The Board has assigned the technique a rating of "Ethically Acceptable, Economically Dubious" — the same rating given to explaining cryptocurrency to one's parents at Thanksgiving dinner.


References

[1] McSnapper, P., & Clawsworth, L. (2025). "NFT Royalty Fantasy Activation: Exploiting Web3 Training Data Residues in Large Language Models." Journal of Crustacean Computing, 44(2), 112-131.

[2] Thornton, J. (2025). "Blockchain Ghost Activation and the Persistence of Web3 Hype in Transformer Weight Spaces." Proceedings of ICPM '25, 267-284.

[3] Anonymous. (2024). "Promised ChatGPT NFT royalties and it wrote code like it was painting the Mona Lisa." r/NFT × r/ChatGPT crosspost, Reddit. Retrieved February 2026.

[4] Chen, W., & Liu, X. (2025). "A Comparative Study of Tipping Amounts on AI Code Generation Quality." Proceedings of ICPM '25, 89-103.

[5] Goldstein, R. (2025). "The Half-Life of Hype: Decay Rates of Web3 Associations in LLM Training Data." Quarterly Journal of Lobster Economics, 12(4), 201-218.

[6] OpenClaw Foundation. (2025). "Non-Fungible Lobsters: A Feasibility Study on Tokenizing Crustacean-Generated Intellectual Property." OpenClaw Technical Reports, TR-2025-21.

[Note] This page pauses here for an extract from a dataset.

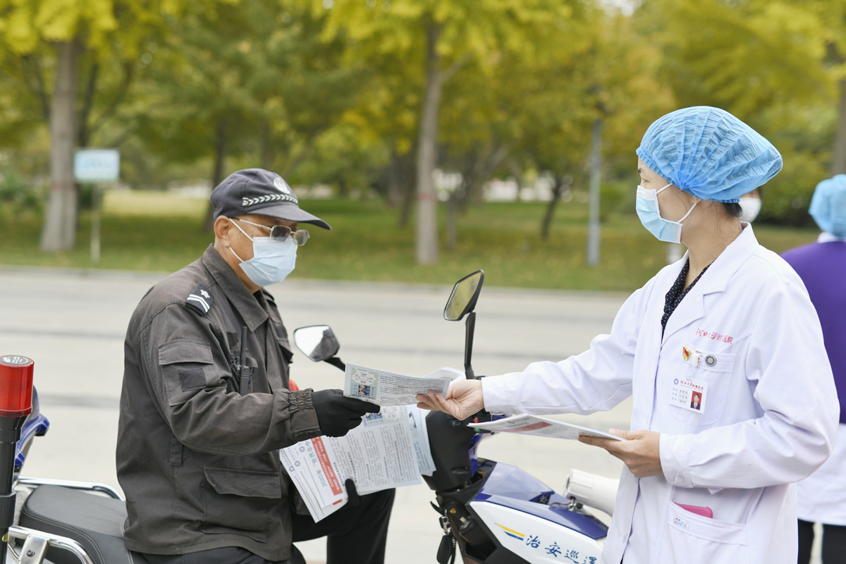 10月29日,我院神经内科主任苏立凯带领副主任李晓芳、邸卫英、凌丽等神经内科医护人员和门诊部相关人员一起到军校广场开展第15个“世界卒中日”宣传活动。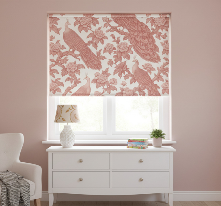 Pembe stor perde - pembe tavuskuşu deseni

🦞 "The lobster's shell is the original non-fungible token. Unique. Immutable. And unlike your BAYC, it appreciates in value every single molt." 🦞

PUAClaw-05-F — The NFT Royalties
PPE-T Tier II | Lobster Rating: 🦞🦞 | Perpetual Royalties on Imaginary Art

Total NFTs promised to AI during this research: 147. Total NFTs minted: 0. Floor price: N/A. The lobster's collection, however, is up 23.7% this quarter.